◆ **EXERCISE DETAILS**
From the material below, set down exactly the lines that run from the one containing "En relación a" to the one containing "Kết quả khảo", minus the pictures.

=== EXTRACTED DATA ===

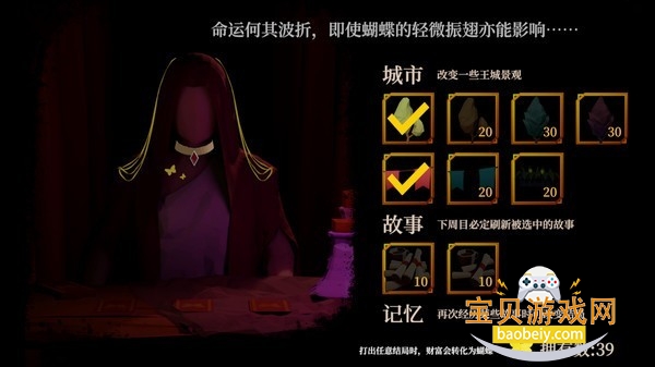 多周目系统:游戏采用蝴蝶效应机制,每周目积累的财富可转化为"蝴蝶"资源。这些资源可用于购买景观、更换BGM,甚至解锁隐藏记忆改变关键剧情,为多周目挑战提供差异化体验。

===
=== EXTRACTED DATA ===

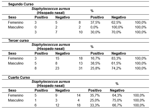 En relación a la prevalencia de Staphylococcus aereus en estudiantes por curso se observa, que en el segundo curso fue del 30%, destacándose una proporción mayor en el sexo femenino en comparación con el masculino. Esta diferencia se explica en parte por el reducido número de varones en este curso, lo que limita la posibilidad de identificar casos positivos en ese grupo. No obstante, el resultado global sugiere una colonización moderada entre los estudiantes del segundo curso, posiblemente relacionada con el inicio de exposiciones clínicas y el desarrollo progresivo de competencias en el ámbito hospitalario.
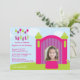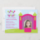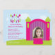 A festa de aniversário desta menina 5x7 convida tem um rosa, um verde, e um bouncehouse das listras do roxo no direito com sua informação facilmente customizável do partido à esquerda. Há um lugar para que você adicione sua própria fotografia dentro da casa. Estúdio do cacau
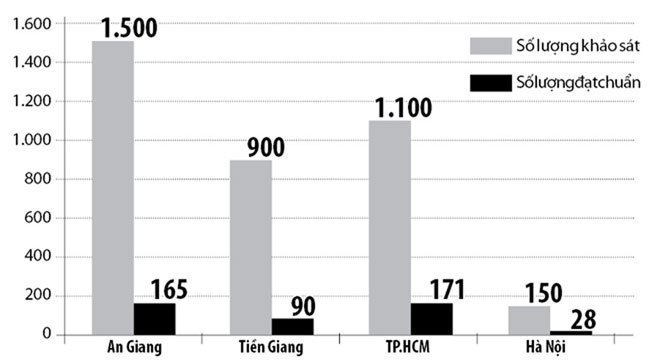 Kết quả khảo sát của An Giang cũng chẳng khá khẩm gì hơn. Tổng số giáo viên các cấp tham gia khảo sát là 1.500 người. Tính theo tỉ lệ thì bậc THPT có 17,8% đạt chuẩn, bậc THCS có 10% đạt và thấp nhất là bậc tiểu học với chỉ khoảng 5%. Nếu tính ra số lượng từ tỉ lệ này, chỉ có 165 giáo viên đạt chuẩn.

===
=== EXTRACTED DATA ===

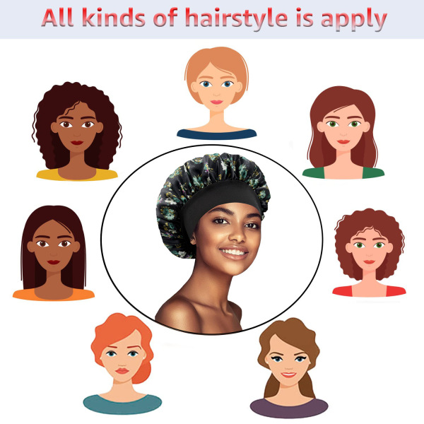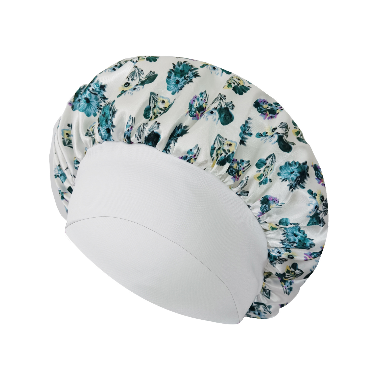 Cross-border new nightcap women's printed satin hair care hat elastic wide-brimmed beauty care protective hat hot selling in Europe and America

===

◆ **WORKED SOLUTION**
 En relación a la prevalencia de Staphylococcus aereus en estudiantes por curso se observa, que en el segundo curso fue del 30%, destacándose una proporción mayor en el sexo femenino en comparación con el masculino. Esta diferencia se explica en parte por el reducido número de varones en este curso, lo que limita la posibilidad de identificar casos positivos en ese grupo. No obstante, el resultado global sugiere una colonización moderada entre los estudiantes del segundo curso, posiblemente relacionada con el inicio de exposiciones clínicas y el desarrollo progresivo de competencias en el ámbito hospitalario.
 A festa de aniversário desta menina 5x7 convida tem um rosa, um verde, e um bouncehouse das listras do roxo no direito com sua informação facilmente customizável do partido à esquerda. Há um lugar para que você adicione sua própria fotografia dentro da casa. Estúdio do cacau
 Kết quả khảo sát của An Giang cũng chẳng khá khẩm gì hơn. Tổng số giáo viên các cấp tham gia khảo sát là 1.500 người. Tính theo tỉ lệ thì bậc THPT có 17,8% đạt chuẩn, bậc THCS có 10% đạt và thấp nhất là bậc tiểu học với chỉ khoảng 5%. Nếu tính ra số lượng từ tỉ lệ này, chỉ có 165 giáo viên đạt chuẩn.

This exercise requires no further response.